Do you often come into contact with non-compliant laser machines? What can be done?
The worst offenders I come across in this regard are cheap imports, largely from China, for the cosmetic market; purchased via Ebay or similar outlets. In this respect I think the UK manufacturers and distributors of better quality systems for the cosmetics market have rather shot themselves in the foot by supporting the deregulation of Cosmetic Laser Clinics. By removing the regulation of the CQC, who always carried out an inspection and would not accept non-compliant lasers, this has removed what was in effect the only serious barrier to the uptake of these systems in the UK.
What do you say to people who use off the shelf common materials instead of laser rated guarding?

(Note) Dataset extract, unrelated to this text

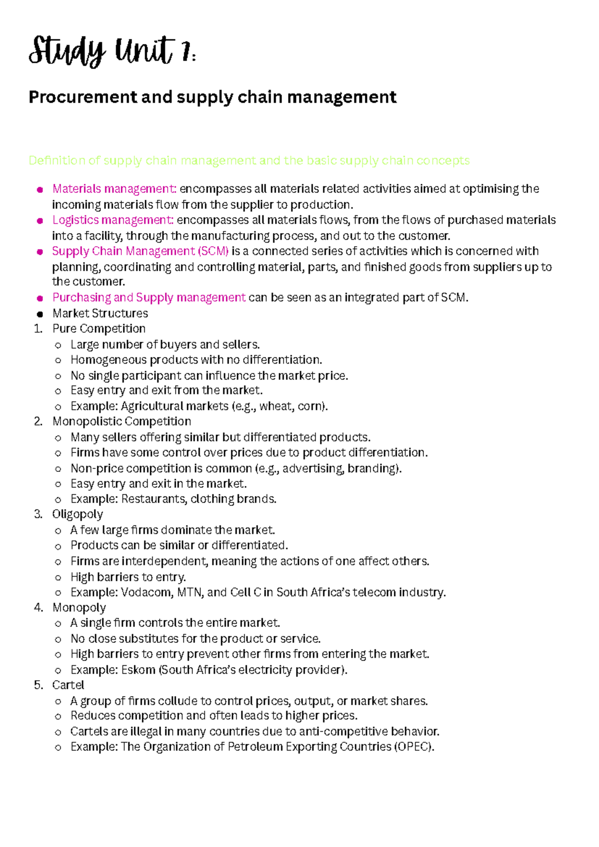 Study Unit 7😀 - notes - Study Unit 7: Procurement and supply chain ...

That’s fine if they are prepared: (a) to take the responsibility for specifying the material themselves; (b) keep a record of their rationale; and (c) gain their employer’s approval for them to do this. However, increasingly organisations and individuals prefer to have a professionally made and certified product. Some years ago I was asked to provide a small laser blocking curtain to protect against a low power infra-red laser. I advised the client that the power was so low that a piece of paper would be adequate to stop the beam. However they bought the laser curtain because their employer required a certified product.
How does laser safety in the industrial field compare with that in the medical field?
In the medical field the possibility of enclosing the laser does not exist so most laser procedures are carried out in a Class 4 environment with all persons present wearing safety eyewear. Also in the operating theatre environment there will typically be 4 – 6 people present with a number of different entrance doors and the laser process is only one of a number of different processes taking place. There may also be several different lasers used in the theatre (at different times) each requiring its own specific eyewear. Such factors tend to make the risk of an ocular laser injury occurring in the medical field much greater than in the industrial field; which is I think, borne out by the statistics on laser accidents.